Che cosa significa davvero un esito positivo

Il piccolo teorema di Fermat afferma che, se n è primo e a non è divisibile per n, allora a elevato a n meno uno dà resto uno modulo n. Il contrario non è garantito. Alcuni interi composti producono anch’essi resto uno per determinate basi e vengono chiamati pseudoprimi di Fermat rispetto a tali basi. Questo strumento richiede espressamente che n sia composto, verifica prima tale condizione e poi valuta la congruenza in modo esatto. Quando passes_fermat_test e is_fermat_pseudoprime sono veri, il composto inserito ha ingannato il test di Fermat per quella specifica base. Ciò non significa che n sia primo, probabilmente primo o pseudoprimo per ogni base. La base è parte integrante dell’affermazione e deve sempre accompagnare il risultato. Il resto restituito costituisce la prova aritmetica diretta: uno indica il superamento, mentre qualsiasi altro valore indica il fallimento. Il massimo comune divisore aiuta inoltre a distinguere le prove con basi coprime dai casi in cui l’input rivela già una relazione tra fattori.

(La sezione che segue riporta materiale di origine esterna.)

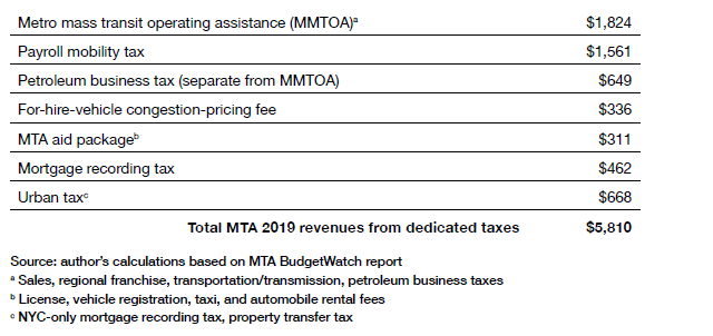 Metropolitan Transportation Authority Dedicated Taxes & Fees, 2019 (in millions)
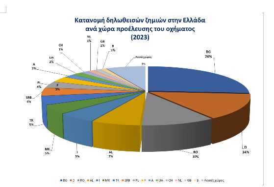 Την πρώτη θέση κατέχουν σταθερά τα ατυχήματα από οχήματα με Βουλγαρικές πινακίδες που ανήλθαν στα 1165 το 2023, (26,6% του συνόλου των ατυχημάτων). Ακολουθούν τα ατυχήματα από οχήματα με Γερμανικές πινακίδες που ανήλθαν σε 634 το 2023 (14,5% του συνόλου των ατυχημάτων) και τα ατυχήματα με Ρουμανικές πινακίδες που ανήλθαν σε 455 το 2023 (10,4% του συνόλου των ατυχημάτων).

Come viene garantita l’esattezza del calcolo

Entrambi gli input sono stringhe decimali, così gli interi oltre l’intervallo numerico sicuro di JavaScript non vengono arrotondati prima del calcolo. L’intervallo accettato termina al massimo intero senza segno a 64 bit e offre quindi un limite chiaro e verificabile per il controllo di primalità. Prima del test di Fermat, lo strumento applica Miller–Rabin in forma deterministica con un insieme di testimoni sufficiente per l’intero intervallo. Se viene rilevato un primo, restituisce un errore di input: i primi soddisfano il teorema, ma per definizione non possono essere pseudoprimi. Per un composto valido, l’esponenziazione modulare usa il metodo dei quadrati ripetuti invece di costruire l’enorme valore a^(n-1). Ogni moltiplicazione viene ridotta modulo n, mantenendo i valori intermedi limitati ed esatti con BigInt. L’algoritmo di Euclide calcola separatamente gcd(a,n). La base deve rispettare 2 <= a <= n - 2. Nessun testimone casuale, data, chiamata di rete o operazione in virgola mobile influenza la risposta, perciò input uguali producono sempre output uguali.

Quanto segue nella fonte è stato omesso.